La capilla de Luís de Lucena

 

Uno de los monumentos capitales que en nuestra ciudad guarda la huella del pasado, y aún puede decir mucho a las gentes, y servirlas, es la capilla de Luís de Lucena, también llamada de los Urbinas, en la cuesta de San Miguel. Su estado de conservación, por el inexorable paso del tiempo sobre un edificio abandonado y sin uso, es más que deficiente. Está ahora en un momento crucial de su futuro, y, particularmente por lo que respecta a las pinturas de su techumbre, si no se recuperar y restauran ahora, se perderán para siempre. El organismo que acometa de una manera total y homogénea la restauración de esta capilla, habrá hecho un servicio impagable a Guadalajara y a su patrimonio cultural.

No quiero hoy volver a hablar de su aspecto exterior, todo realizado a base de ladrillos, en un estilo mudéjar sorprendente y originalísimo, a pesar de haber sido construida en el siglo XVI. Quiero ahora tocar simplemente el tenía de las pinturas que aparecen en la techumbre de su interior, y que siempre fueron con razón alabadas, pero sin comprender su significado, ni siquiera conocer muy bien lo que allí se representa.

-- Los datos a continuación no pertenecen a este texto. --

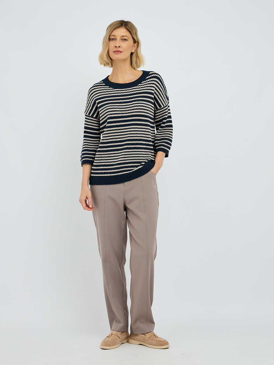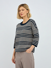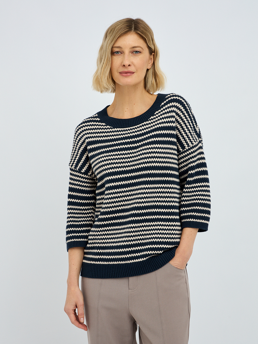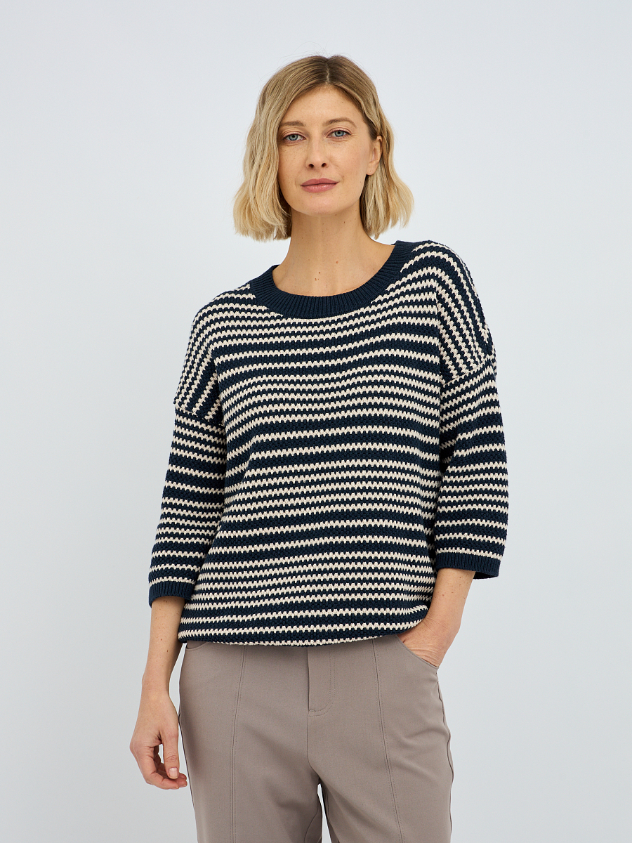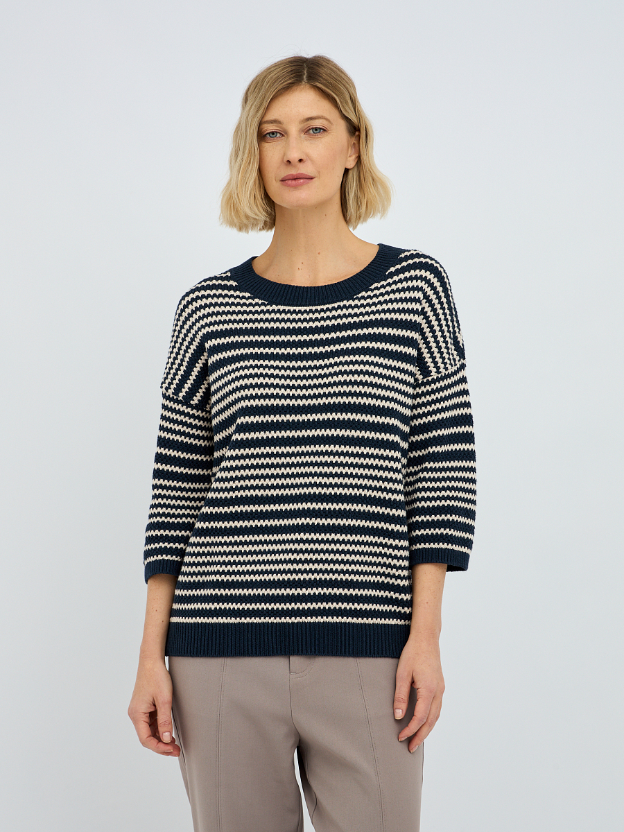 Рифленая фактура полоски не только добавляет изысканности, но и создает интересную игру текстур, делая джемпер визуально привлекательным. Синий цвет – это классика, которая всегда остается в тренде, легко сочетается с другими оттенками и придает образу глубину и благородство.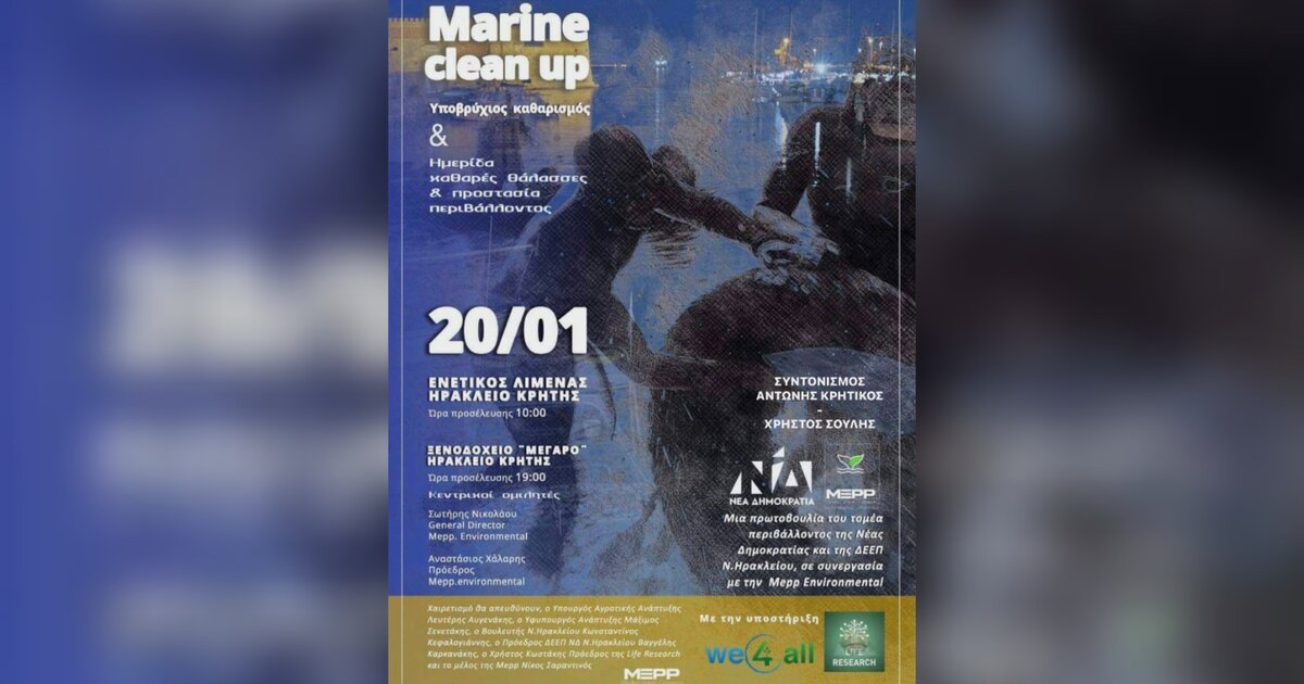 Εκδήλωση για το περιβάλλον, για ένα πιο βιώσιμο μέλλον, όπως τονίζεται, διοργανώνει η Διοικούσα Επιτροπή Ηρακλείου Νέας Δημοκρατίας, το Σάββατο 20 Ιανουαρίου στις 10.00 το πρωί για τον υποβρύχιο καθαρισμό στο λιμάνι του Ηρακλείου, σε στενή συνεργασία με τον Τομέα Περιβάλλοντος της Νέας Δημοκρατίας.

El autor, y diseñador de todo este conjunto fue un alcarreño del siglo XVI, Luís de Lucena, eclesiástico y médico. Hizo de cura de Torrejón y estudió Medicina en Montpellier. Llegó a ser médico del Papa. De familia de conversos, profesa una fe particular, erasmista como todos los intelectuales de su tiempo, y al fin se ve precisado a huir a Italia, lejos de preguntas e inquisiciones sobre el sentido de su fe. Aquí, en Guadalajara, en su patria, nos dejó este recuerdo en ladrillo tallado, y en esas pinturas aéreas, polícromas, un largo párrafo de sus creencias religiosas, de un cristianismo en el que el neoplatonismo y el erasmismo tienen la fuerza de los ingredientes máximos.

Recientemente, en el número 2 de la revista «Wad‑al‑hayara» que edita la Institución Provincial de Cultura «Marqués de Santillana», he publicado el estudio iconográfico de las pinturas de esta capilla, con abundancia de f0tografías y gráficos. Para quien de veras esté interesado en el tenía, será lo mejor la constancia, breve y escueta, pero más sonora, de lo que en el interior de esa misteriosa y triste capilla hay.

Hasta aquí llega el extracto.